-- Available records --
____

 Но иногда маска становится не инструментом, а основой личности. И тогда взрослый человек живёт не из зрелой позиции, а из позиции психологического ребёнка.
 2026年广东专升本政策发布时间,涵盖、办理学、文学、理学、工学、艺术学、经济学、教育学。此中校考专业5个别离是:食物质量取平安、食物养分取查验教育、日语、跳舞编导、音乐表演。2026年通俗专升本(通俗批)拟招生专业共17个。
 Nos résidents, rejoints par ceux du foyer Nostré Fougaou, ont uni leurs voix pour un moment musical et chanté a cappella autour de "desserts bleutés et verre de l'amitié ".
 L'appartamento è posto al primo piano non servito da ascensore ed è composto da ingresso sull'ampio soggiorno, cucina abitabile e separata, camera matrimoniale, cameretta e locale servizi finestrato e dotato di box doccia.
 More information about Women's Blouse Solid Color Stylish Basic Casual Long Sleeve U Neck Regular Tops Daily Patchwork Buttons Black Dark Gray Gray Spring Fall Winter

____

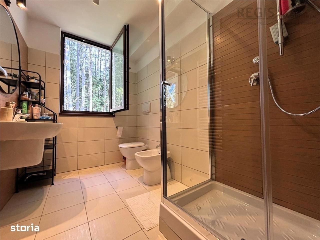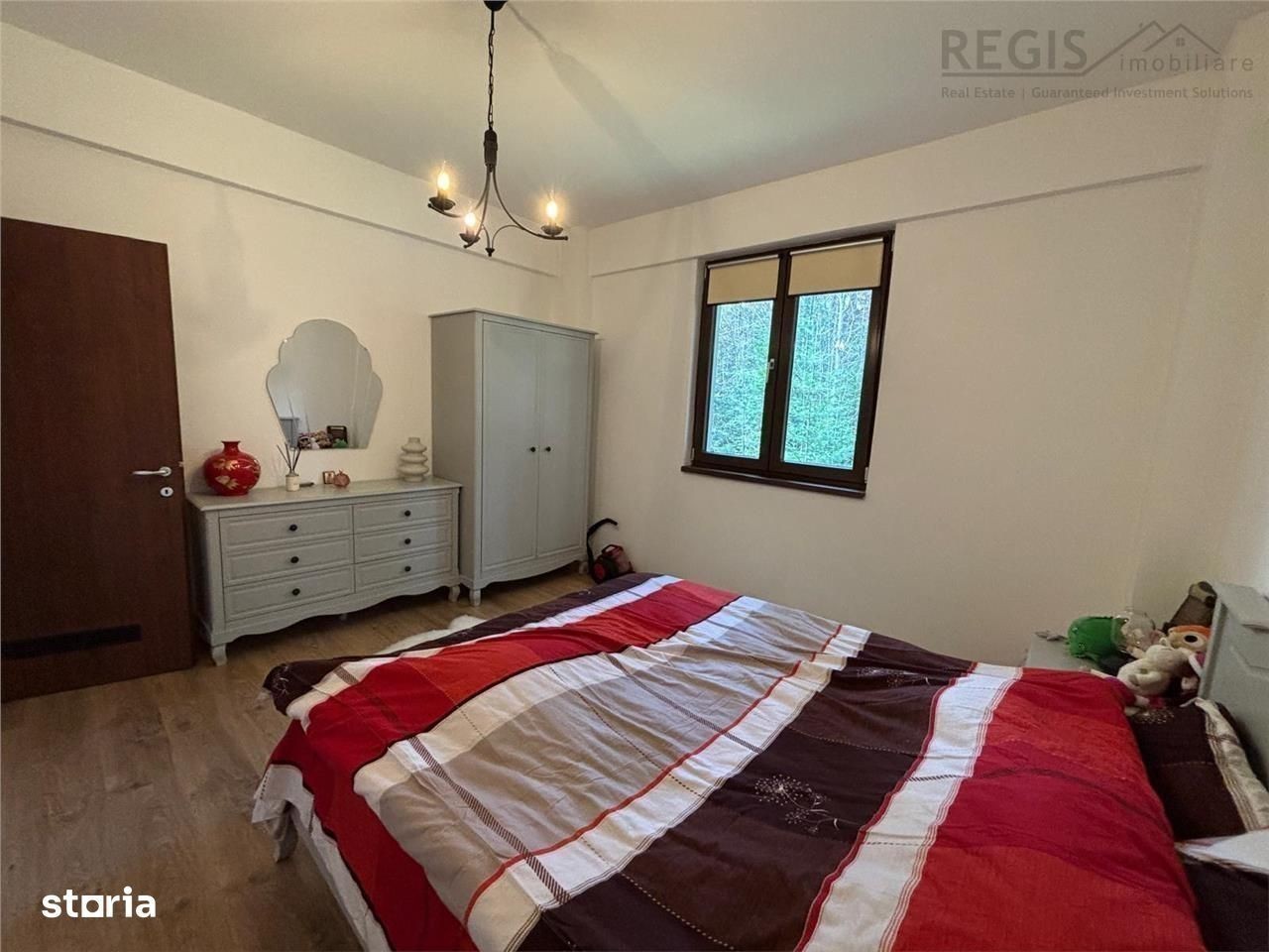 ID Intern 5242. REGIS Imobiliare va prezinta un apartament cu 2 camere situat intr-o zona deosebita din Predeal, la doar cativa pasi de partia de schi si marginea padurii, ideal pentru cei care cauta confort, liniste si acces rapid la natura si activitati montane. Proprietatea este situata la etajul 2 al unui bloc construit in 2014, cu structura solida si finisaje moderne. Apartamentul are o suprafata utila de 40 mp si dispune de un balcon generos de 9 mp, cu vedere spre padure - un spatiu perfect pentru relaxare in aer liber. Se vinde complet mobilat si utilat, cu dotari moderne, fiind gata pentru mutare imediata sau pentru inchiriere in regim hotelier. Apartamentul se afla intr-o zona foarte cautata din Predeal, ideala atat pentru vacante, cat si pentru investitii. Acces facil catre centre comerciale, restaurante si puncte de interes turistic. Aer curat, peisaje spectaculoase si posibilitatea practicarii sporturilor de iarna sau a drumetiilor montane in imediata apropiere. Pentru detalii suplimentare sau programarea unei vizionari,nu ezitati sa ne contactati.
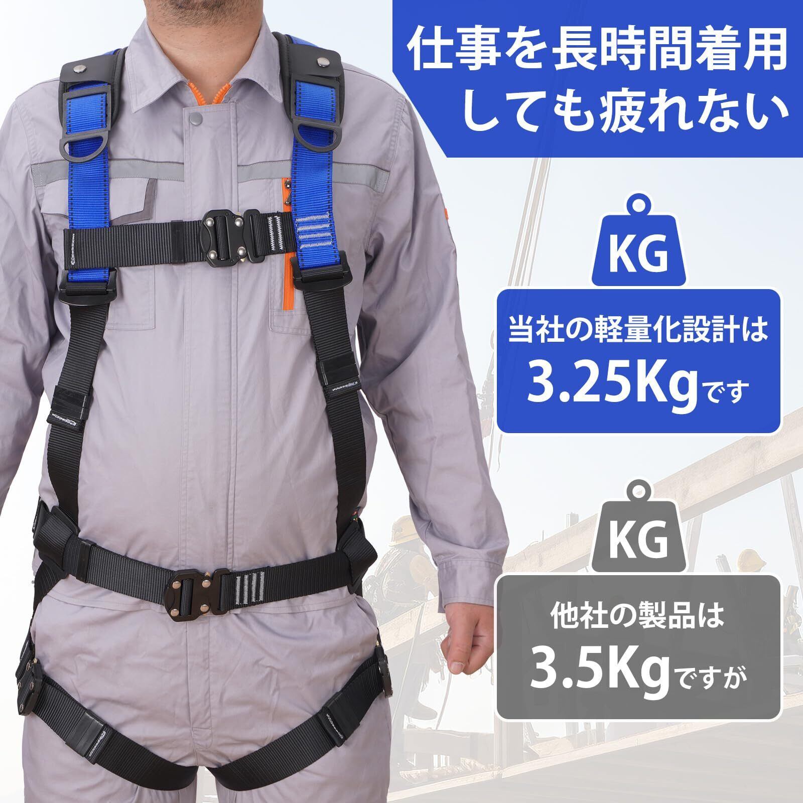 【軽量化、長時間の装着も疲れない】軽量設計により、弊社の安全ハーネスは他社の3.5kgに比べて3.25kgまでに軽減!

____

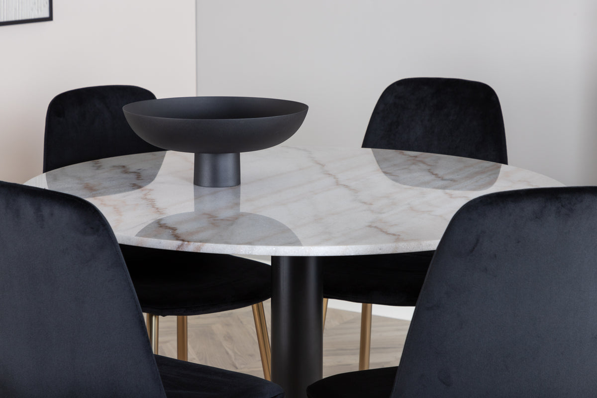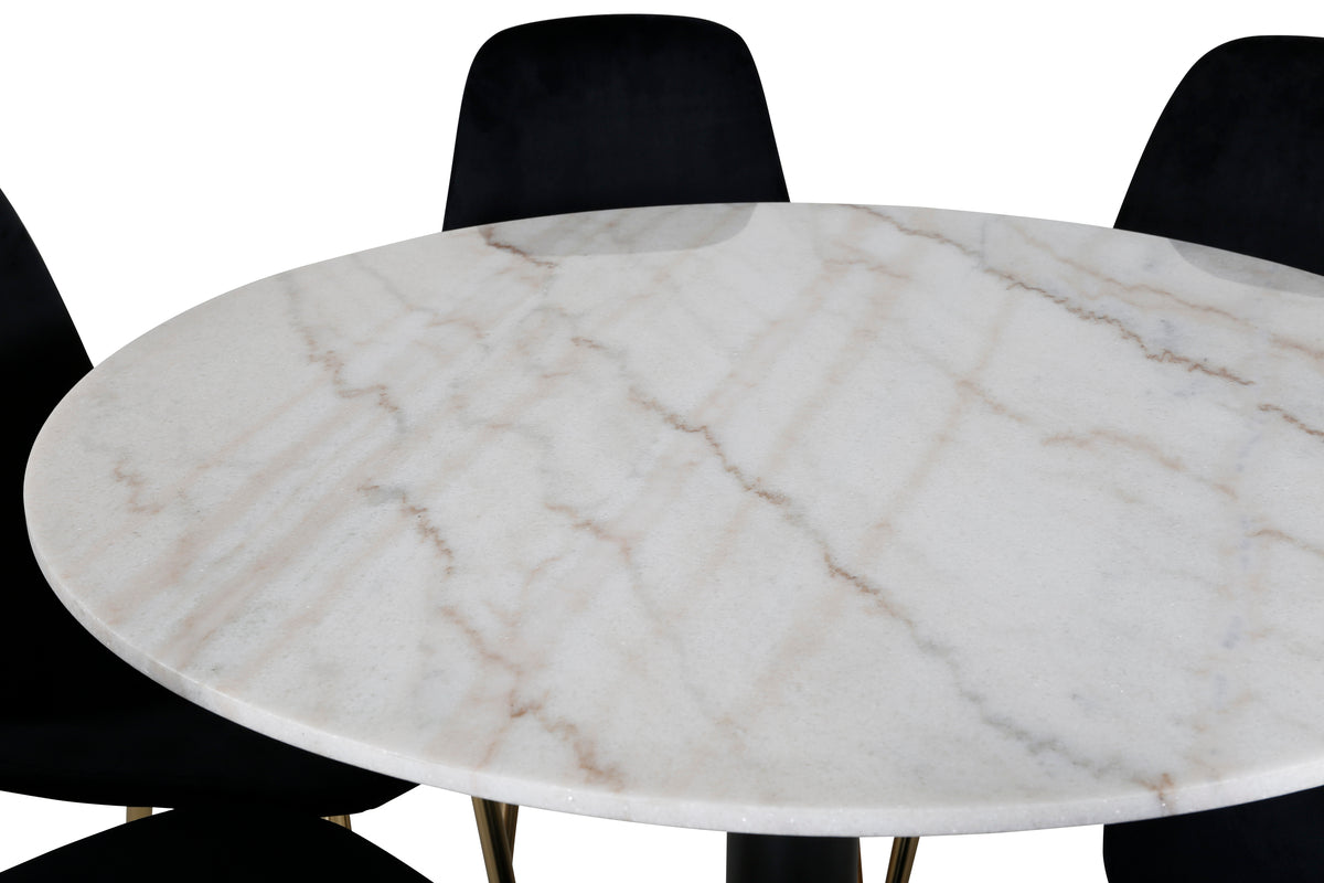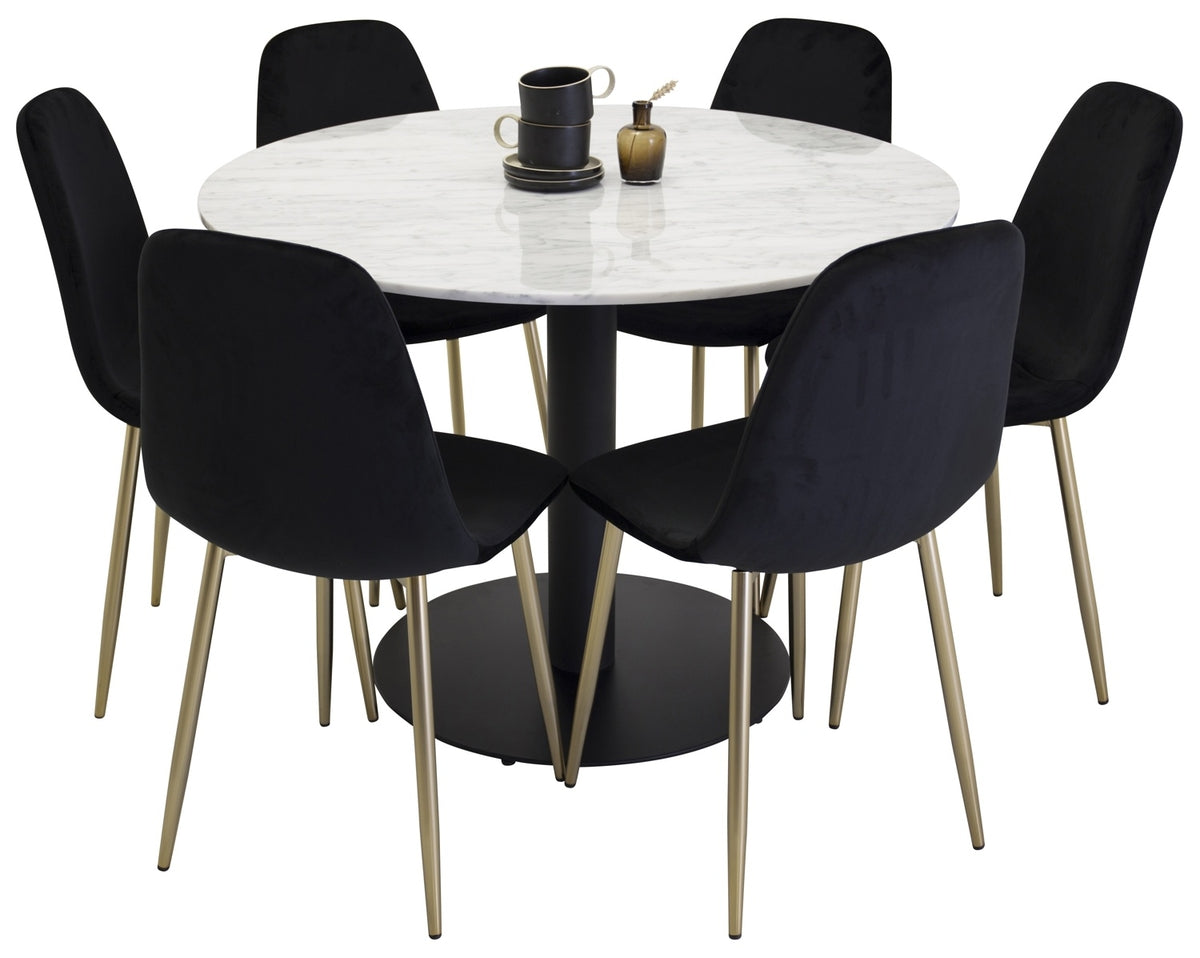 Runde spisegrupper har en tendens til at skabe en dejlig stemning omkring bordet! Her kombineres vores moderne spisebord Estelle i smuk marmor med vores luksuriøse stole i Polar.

____

Extract from the listing above the lines between the line containing "Nos résidents, rejoints" and the line containing "More information about", keeping both of those lines. Output nothing else.

 Nos résidents, rejoints par ceux du foyer Nostré Fougaou, ont uni leurs voix pour un moment musical et chanté a cappella autour de "desserts bleutés et verre de l'amitié ".
 L'appartamento è posto al primo piano non servito da ascensore ed è composto da ingresso sull'ampio soggiorno, cucina abitabile e separata, camera matrimoniale, cameretta e locale servizi finestrato e dotato di box doccia.
 More information about Women's Blouse Solid Color Stylish Basic Casual Long Sleeve U Neck Regular Tops Daily Patchwork Buttons Black Dark Gray Gray Spring Fall Winter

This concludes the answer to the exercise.